Basically you do want an equal amount or more of sparge water to do a batch sparge. Drain slowly to avoid a stuck sparge. If you need to increase efficiency, it is much cheaper to add an aditional pound or two of grain. Think about it this way... a 55# bag is about 55$ for me to get at my LHBS, even with shipping of say... 8$ and a more expensive price a 55# bag is not more than 80$. So that comes to 1.45$ per pound... add an additional 3$ to your bill reduces the amount of propane which I can get for about 20$ for 20 pounds. Using this metric is fairly straight forward. You have to use less than 3 pounds of propane to get the same benefit as adding 2 whole pounds of grain.

Not to dispute you too much, but where did you get the


I thought that basically you don't want your mash too thin because then the enzymes don't work as well and the acidity increases. Anyway, just curious... I might have to go back and edit my notes, but I have done several 90+GP beers at 75% efficiency with a single infusion between 1qt/lb and 1.25qt/lb. I mash at that rate, and sparge at that rate and then have a fairly long boil. I have not gotten to the point of stopping a sparge when I hit 6.5G yet but when I do it will quickly cut down boil times.

Relax dude. I'm not criticizing your methods, just offering alternatives.

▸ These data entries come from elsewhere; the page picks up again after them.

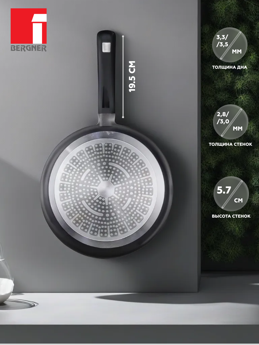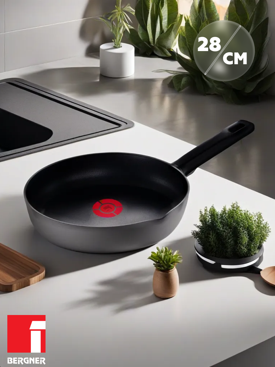 Сковорода алюминиевая, без крышки, прорезиненная ручка, 28 см, BERGNER интересное:
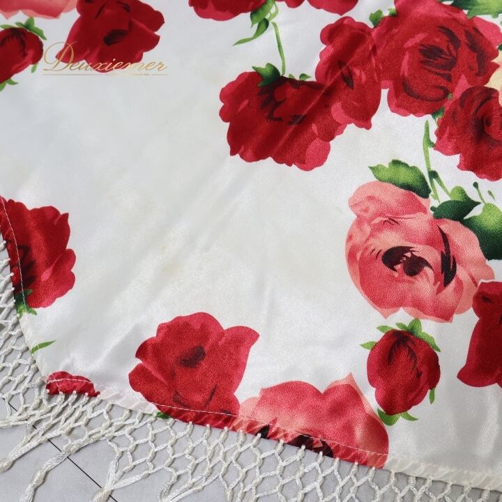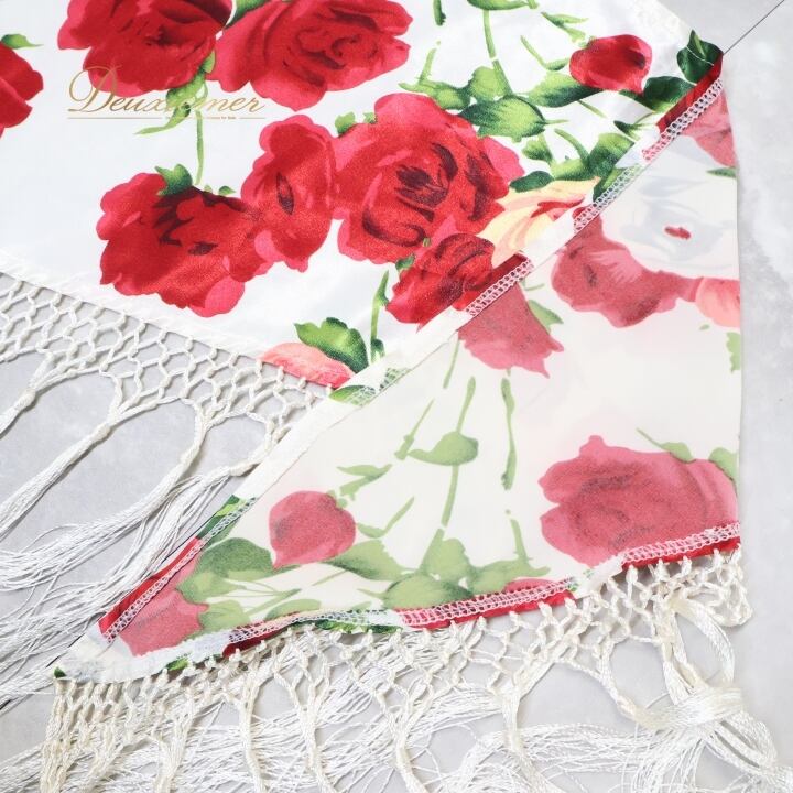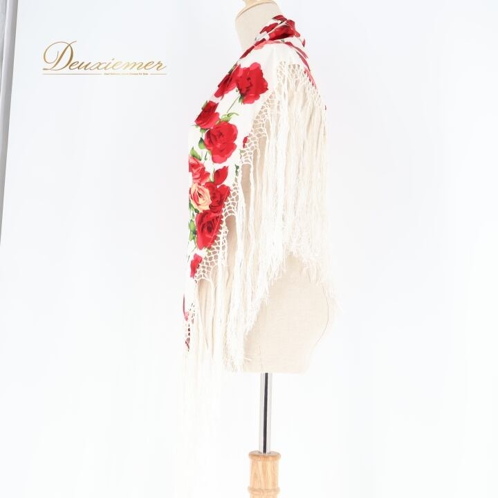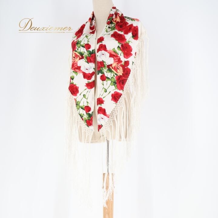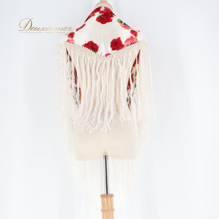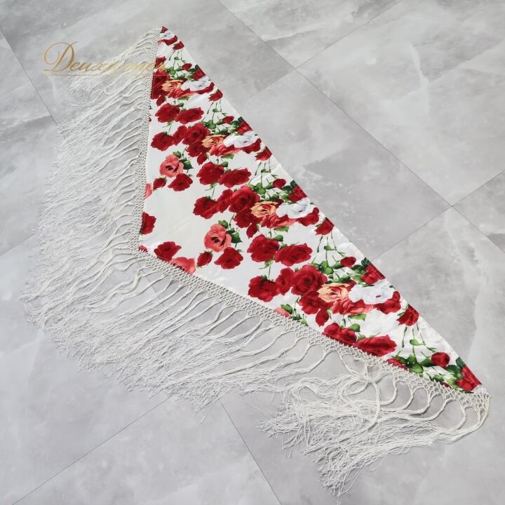 フラメンコ 衣装 シージョ フレコ ピキージョ 花柄 フリンジ 赤 白 小物 飾り 装飾 トライアングル 三角形 ホワイト系 レッド系 軽い素材 おしゃれ フラメンコ衣装 舞台衣装 イベント用 かわいいデザイン 薔薇柄 大人用 女性用 花柄アクセサリー フリンジ付き 柄物シージョ トライアングル型 赤白
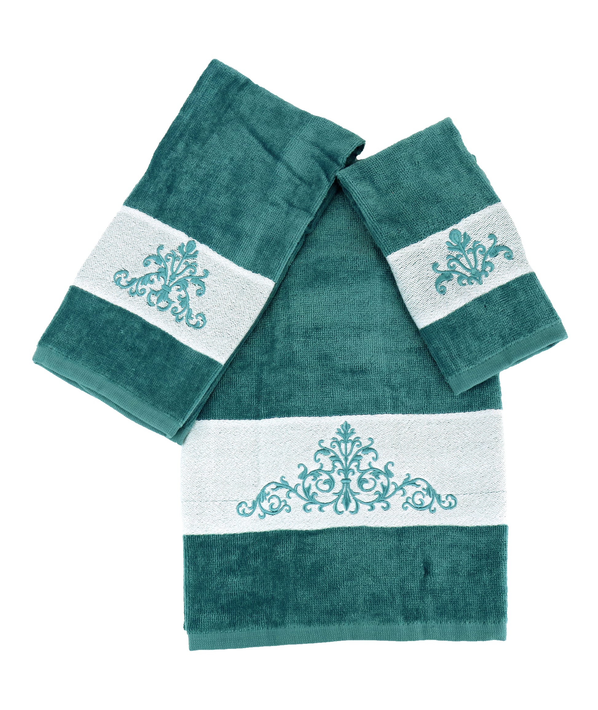 Premium Luxury Decor 100% Cotton Soft Bathroom Modern Embroidered 3 Piece Towel Set, Blazon Pattern

My "tremendous"ly expensive pot is a keggle and it cost $20 + a cutoff wheel. I get propane tanks filled (yes a few places still do that) for $9 and they last a long time cause it's only used for boiling. All other water heating is electric.

Besides, if the option is to increase grain at 60% efficiency or boil for 45 minutes longer at 80% efficiency; I prefer the latter. And like I said, when you run out of room in the mashtun, you can't add anymore grain and have to do something different.
 
I lock in a per sparge volume and if the second runnings are well above 1.010, I sparge again. If the third running is still above 1.010, I may sparge again depending on what I'm feelin that day and just how big I'm going.
Gotcha. Couple more questions, if you don’t mind.

How do you calculate your locked-in sparge volume? (If it even is a calculation.)

Why must the additional sparge volumes (#2 and #3) have to match the volume of the first? Say if your runnings after #2 are above 1.010, but just a wee bit, why not save yourself some water and some boiling time and throw in half the volume of the previous 2 sparges? Too hard to stir so thick?
 
Gotcha. Couple more questions, if you don’t mind.

How do you calculate your locked-in sparge volume? (If it even is a calculation.)

Why must the additional sparge volumes (#2 and #3) have to match the volume of the first? Say if your runnings after #2 are above 1.010, but just a wee bit, why not save yourself some water and some boiling time and throw in half the volume of the previous 2 sparges? Too hard to stir so thick?

No calculation. Just experience, but I shoot for always the same volume/pound of grain. The thickness/thinness of the mash is the important part.

You answered the second question yourself didn't you ;) It takes enough water to float the grain, stir, and effectively dissolve additional sugar.

Is it necessary to split the sparge up that much to get good efficiency? Not always, no... In my case, this is what works best.